Effects of galangin on liver inflammation and lipid metabolism-related gene expression in mice in the treatment group. Mice were fed a normal diet (NC) or high-fat diet (HFD) for 8 weeks. Galangin (100 mg/kg, stomach irrigation) (H+G) was administered each day for another 4 weeks.
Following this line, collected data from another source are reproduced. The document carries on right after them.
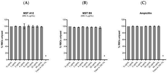 Haemolytic activity of the MST compounds against human RBCs showed that none of the compounds displayed any haemolytic activity at concentrations up to 64 µg/mL (Figure 9 and Figure S5), a concentration that exceeds the antimicrobial concentration of the MST compounds by 2- to 16-fold. Two compounds A12 (2) and B9 (4), and a positive control ampicillin are used as examples to illustrate these effects in Figure 9, and the expanded version showing the results for all compounds is provided in Supplementary Figure S5.
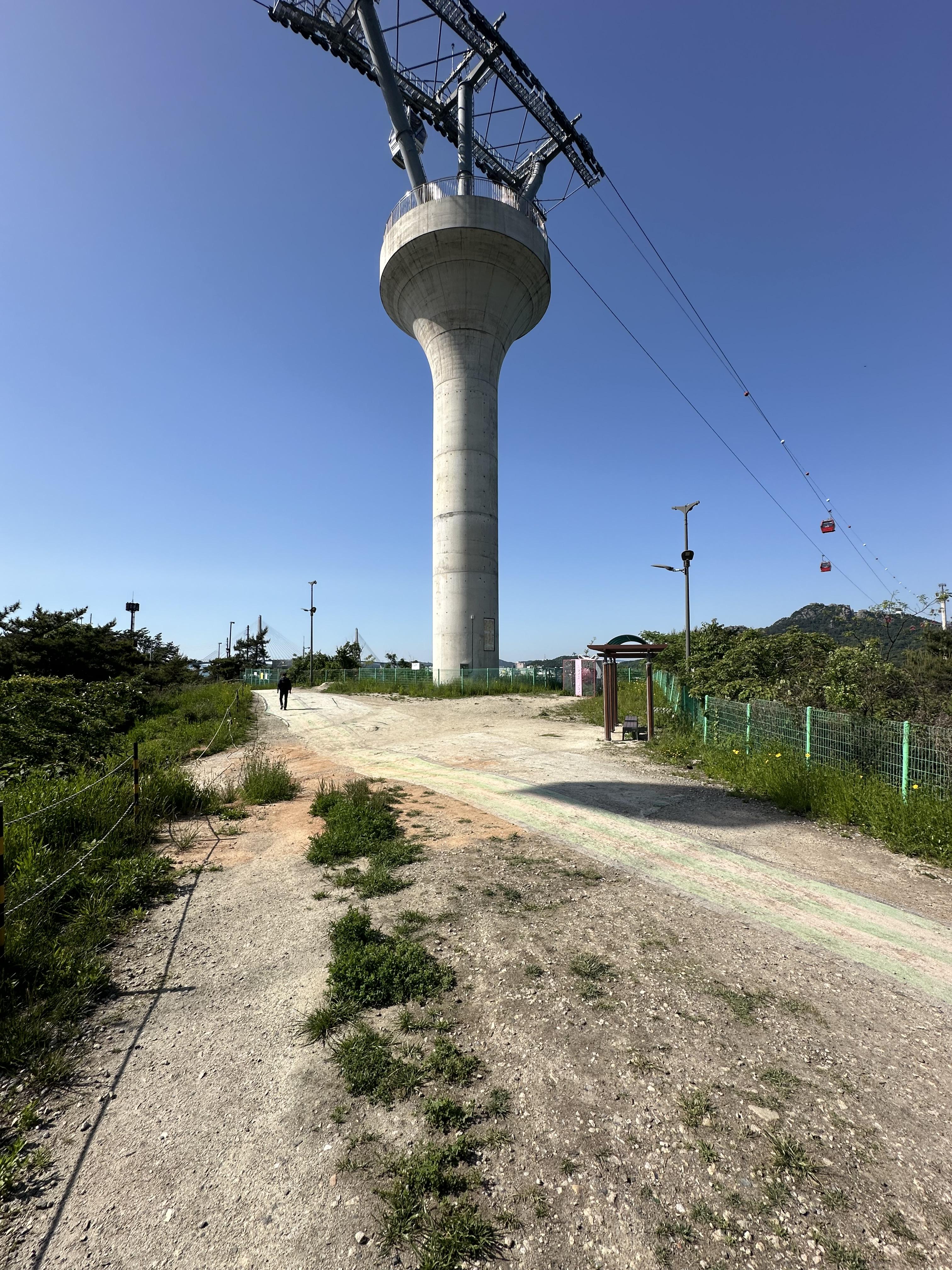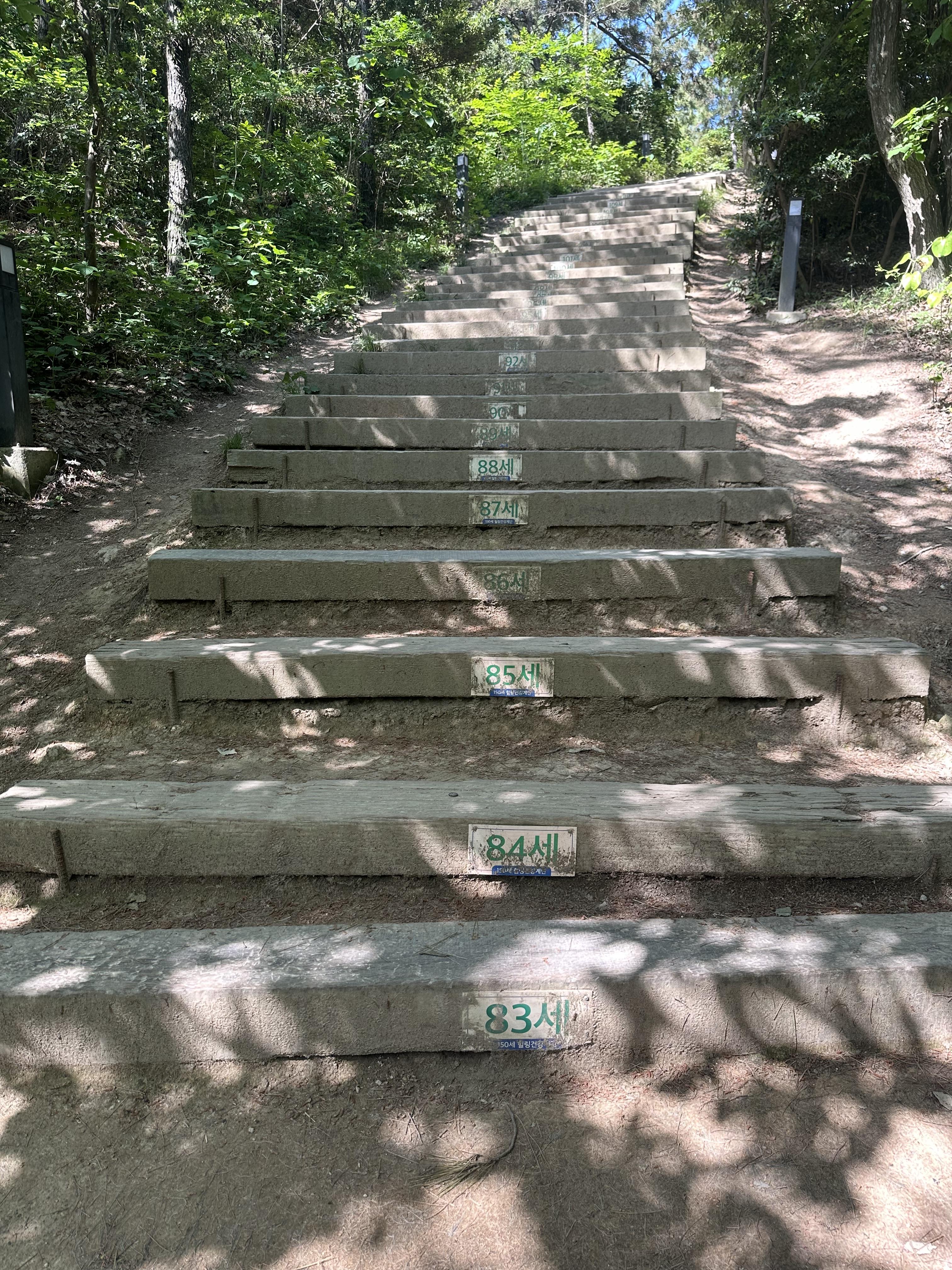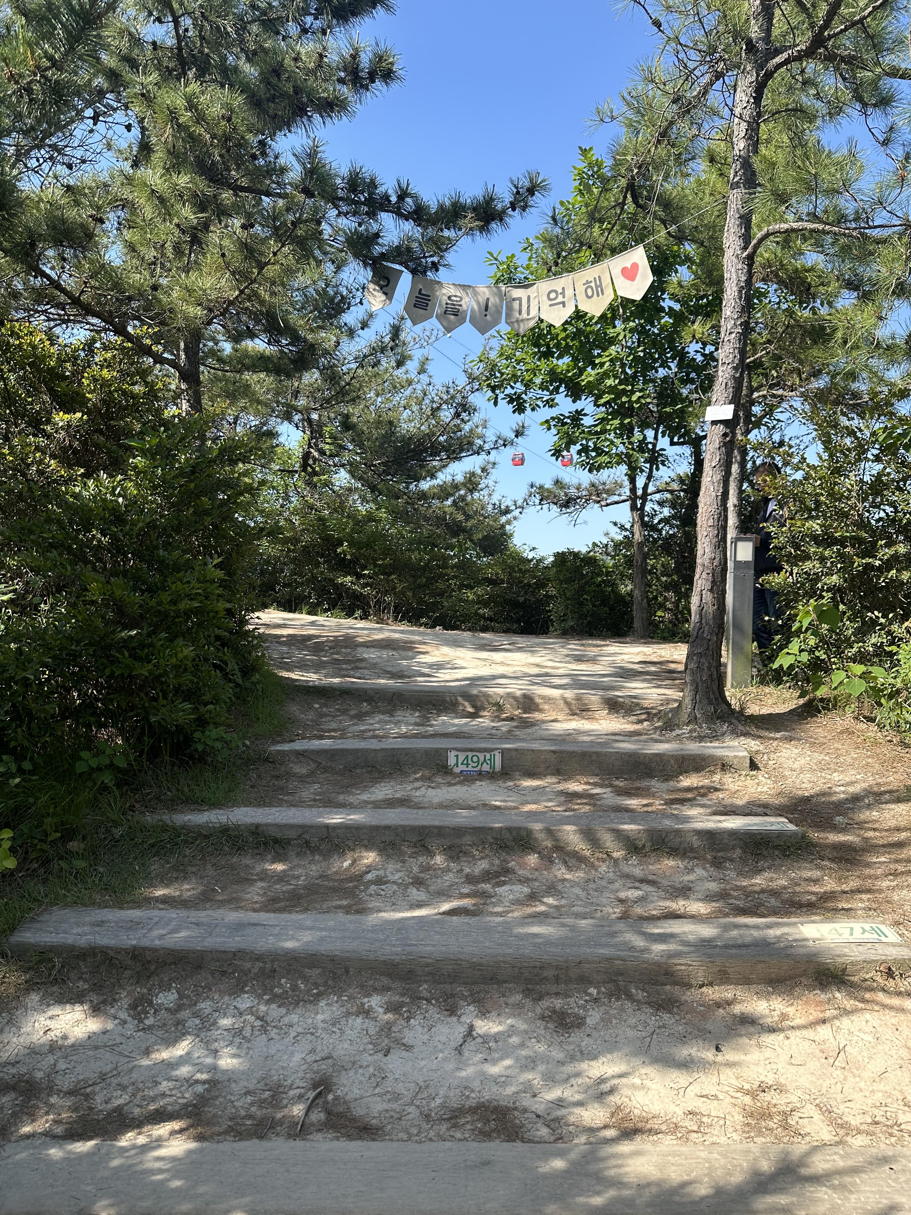 이름은 150세 힐링건강계단이라는 것입니다. 1세부터 150세까지 총 150개 계단을 설치했습니다. 정말 창의적인 아이디어 인 것 같습니다. 일반적인 흙을 밟고 올라가는 산책로는 아무래도 평평한 길이 아니기 때문에 미끄러질 수 있지만 계단이 있다면 좀 더 안정적으로 올라 갈 수 있는 것이 특징입니다. 계단마다 나이가 적혀있어서 올라가는데 정말 지루하지 않았습니다. 그렇게 흥미로운 150세 힐링 건강 계단을 오르면 짧은 등산로가 끝나고 제가 타고 왔던 목포해상케이블카의 탑이 보이게 됩니다.
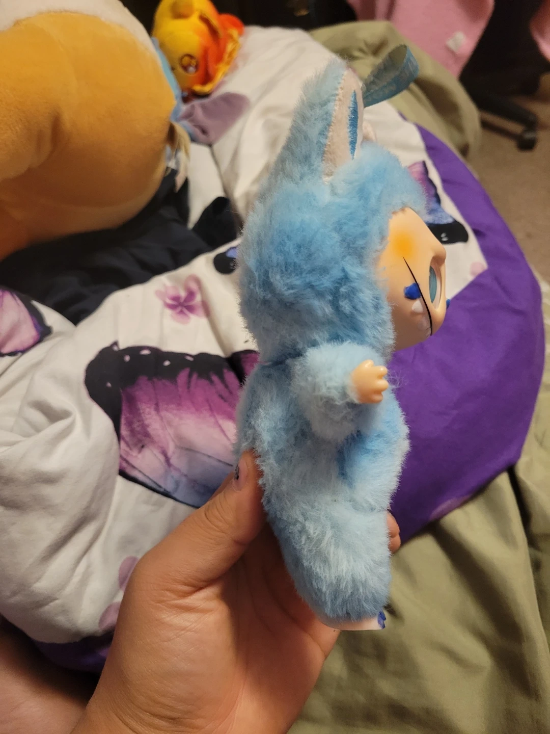 A cute blue labubu plush toy from The Monsters. It's soft and fuzzy with big blue eyes and a happy grin. Great for collectors or as a fun decoration! Never used just opened but I really want 100$ but I'm ok with 50
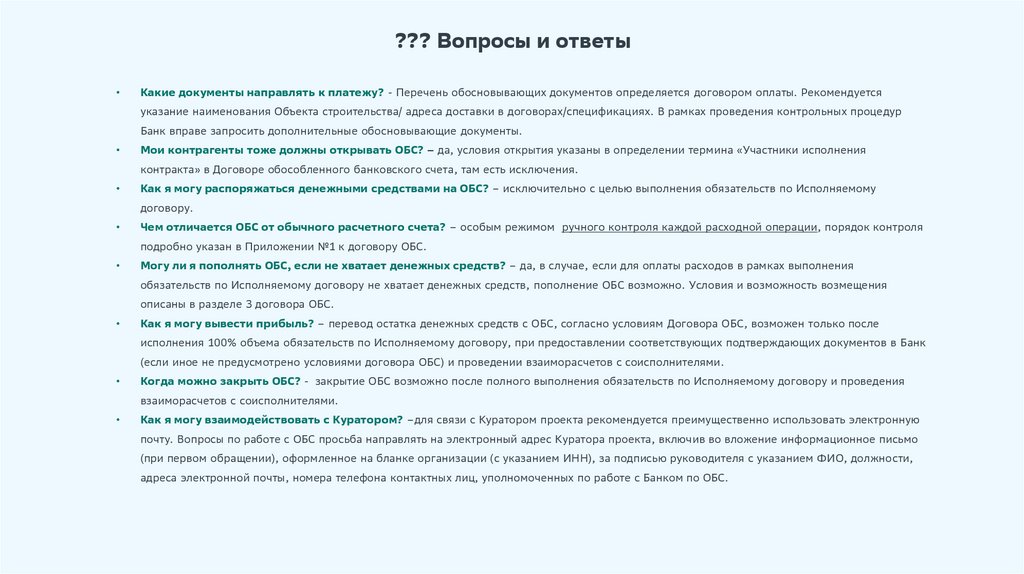 Мои контрагенты тоже должны открывать ОБС? – да, условия открытия указаны в определении термина «Участники исполнения
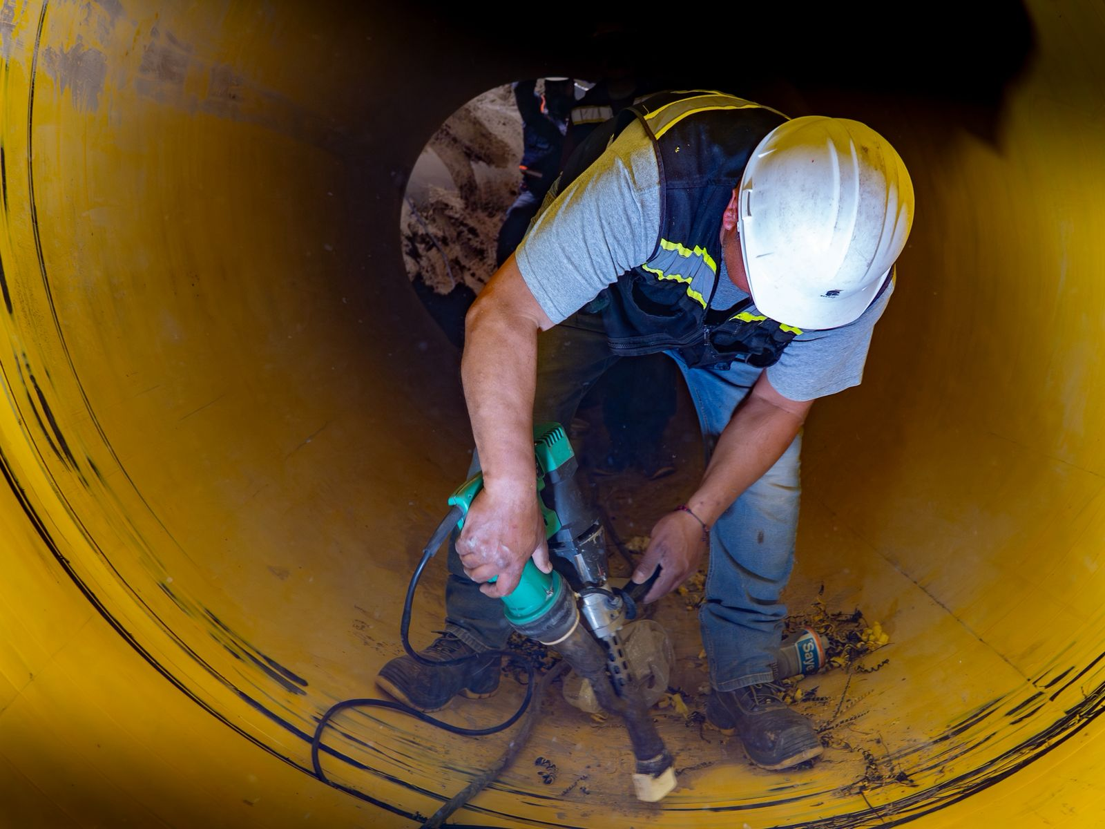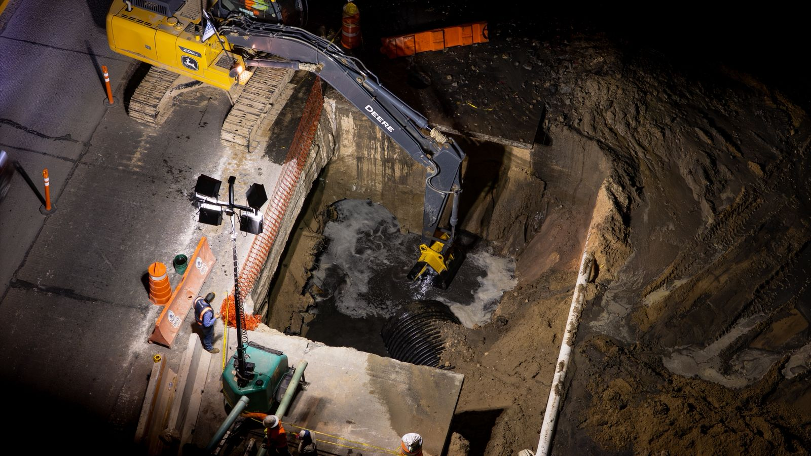 Las maniobras comenzaron la noche del domingo con el taponamiento temporal de la red para frenar el flujo de aguas residuales. Cuadrillas especializadas instalaron dispositivos inflables que permitieron trabajar en condiciones seguras antes de ejecutar la demolición del conducto anterior.

The HFD-fed mice were co-treated with galangin and 3-methyladenine (3-MA, 30 mg/kg, IP, three times per week) (H+G+3-MA) for another 4 weeks prior to being sacrificed. Liver inflammation- and lipid metabolism-related gene expression in samples of mouse liver tissue was detected by real-time PCR. (A) TNF-α mRNA expression. (B) Fatty acid translocase (CD36) mRNA expression. (C and D) SREBP1c (C) and ChREBP (D) mRNA expression. (E and F) PPARα (E) mRNA expression and CPT1a mRNA expression (F). Values represent the mean value ± SEM (n = 3). The asterisks (**P < 0.01, ***P < 0.001) indicate a statistically significant difference.